Here is an exercise one can do to help ease that sense of abandonment and grief.
In your mind, take a trip down memory lane and remember yourself as a little girl that has been left out. Visualize everything — the room, the scents, the emotions, the wind, the weather. Can you see your surroundings clearly? Now take a moment to listen to the conversations going around you. Are those from your family? Friends or strangers? Grasp the words and the actions as how you feel right now — scared, lonely and abandoned. Take a deep breathe and freeze everyone in the scene except your little self. As your grownup self, enter that room and take the little girls hand. Look at her and tell her she is not alone anymore. Tell her that you will help her through the moment. Explain to her that the actions of the people around her has nothing to do with her. The bad emotions of those people were lingering inside them for so long even before she was born. Ask her what she would say to them if they could hear her. She would probably want to let them know that she loves them but doesn’t like how they treat her. As the grownup you, tell her it’s okay to forgive them and wish them peace in their hearts and mind. Tell her to let them go so that both of you can move forward into your new life. Visualize yourself giving her a hug. Let her know that both of you will be together forever and neither of you will ever be alone again. Both of you are loved and is now safe.

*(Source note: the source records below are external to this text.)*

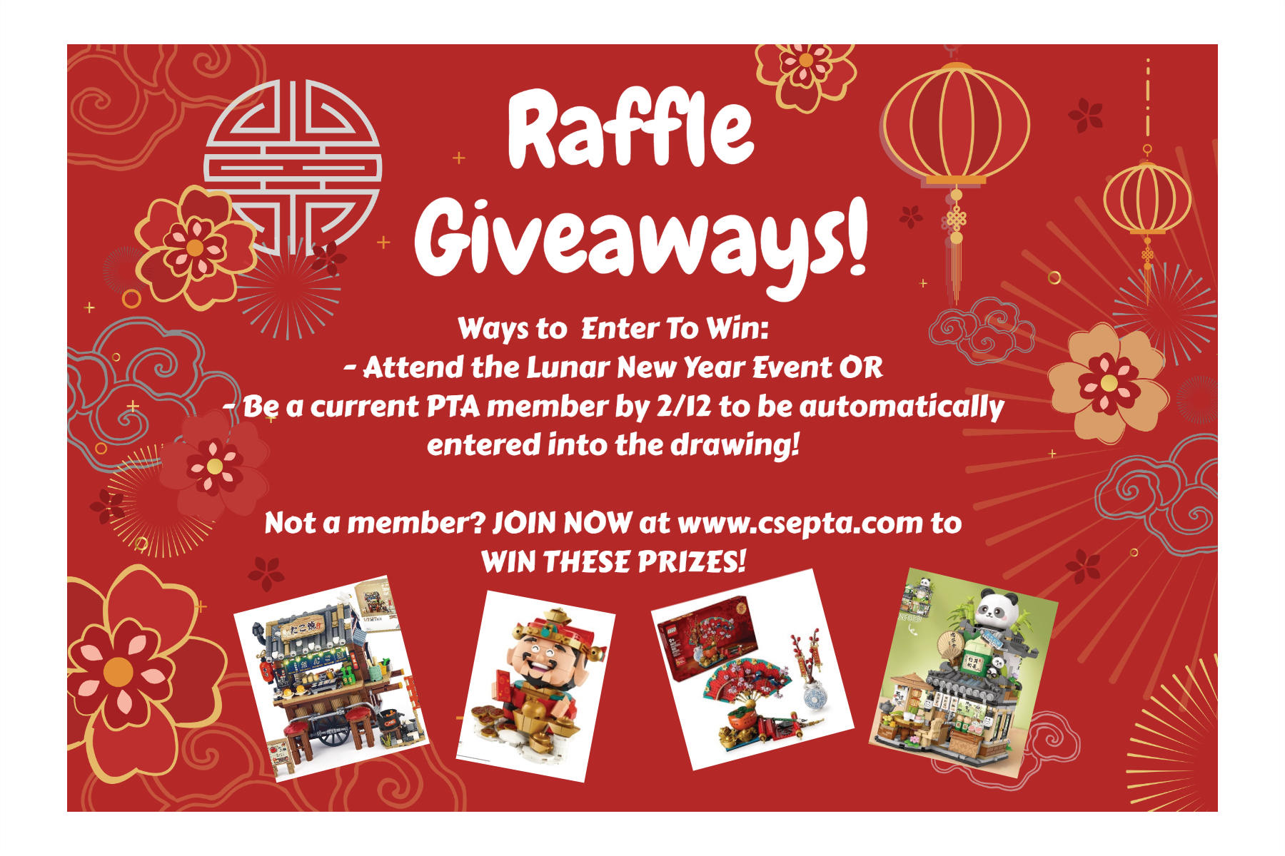 Please see the information regarding PTA's upcoming Lunar New Year event on February 12th. We hope that you will be able to join us for an evening of fun!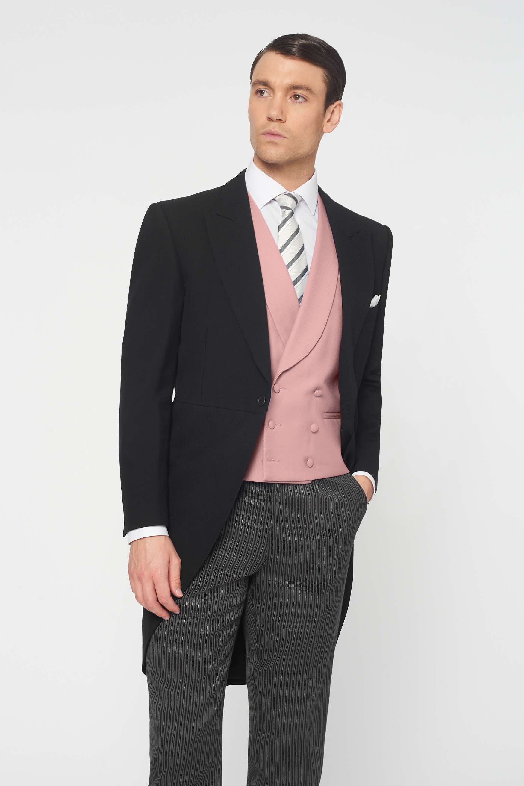 The Bidwell - 3 Piece Black Morning Suit | Pale Pink Double Breasted Waistcoat
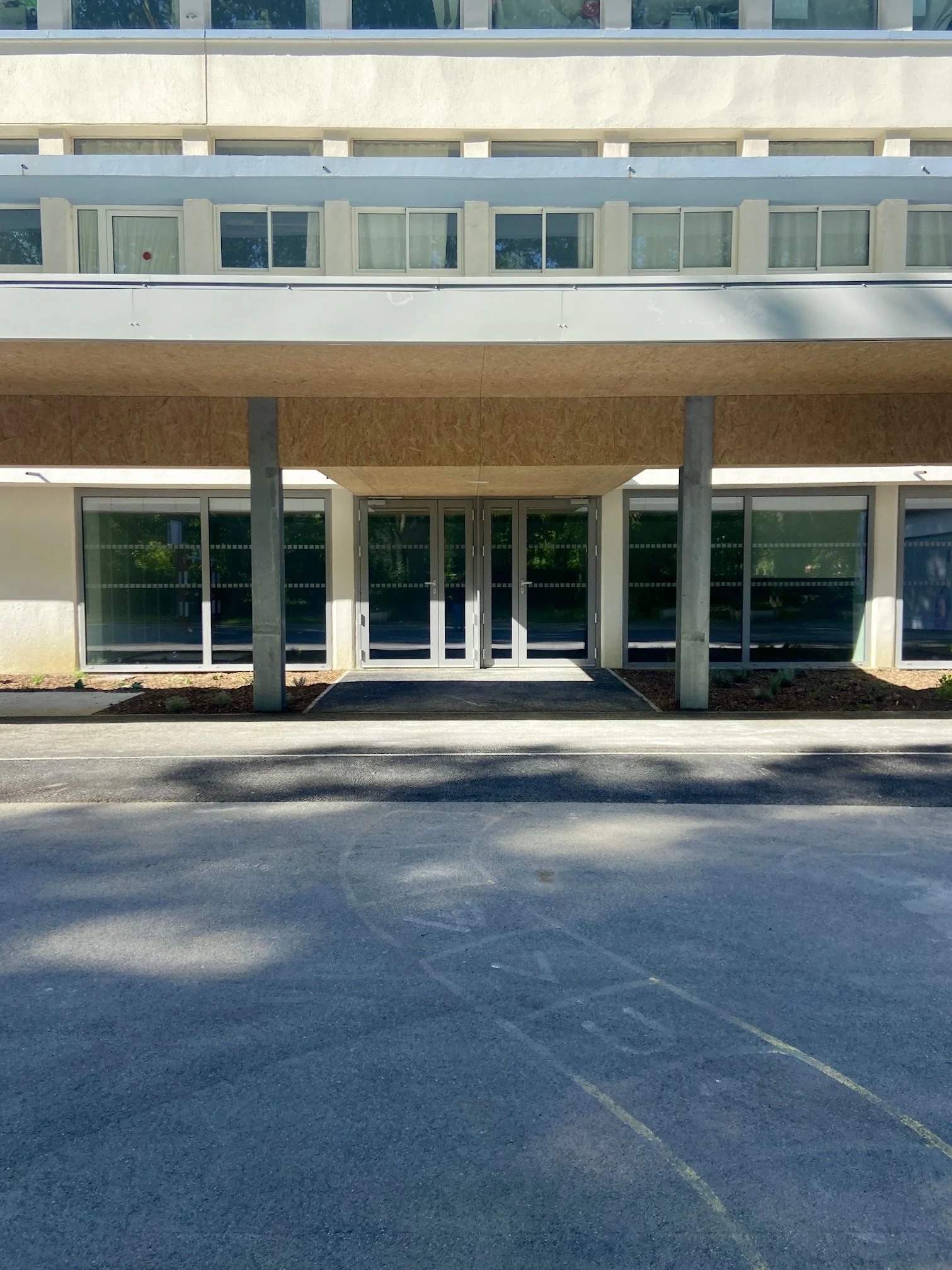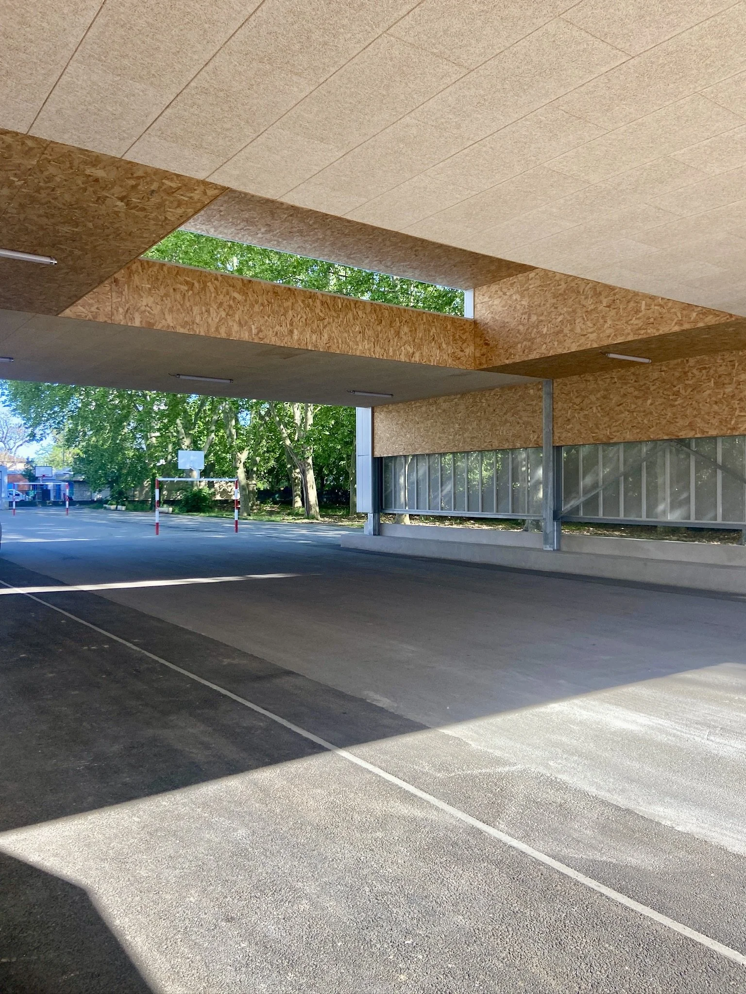 Programme : Restructuration complète du bâtiment + Création d’un préau et sanitaires extérieurs.

That little girl is the representation of one’s inner self. Life didn’t get complicated because we got older. It became complicated because we were too young to understand it fully. Everyone deserves to be loved and life a life filled with joy. In every situation, one must learn how to choose a different point of view. Always be open to learn lessons that the situation will present. Never allow yourself to stay (or be) a victim. The choice to see a different point of view is yours and yours alone. One must allow herself to heal during this difficult time and know that this too shall pass. One may not be able to choose how they started their life story but she can certainly get to choose the middle and ending. Choose happily ever after for one’s self.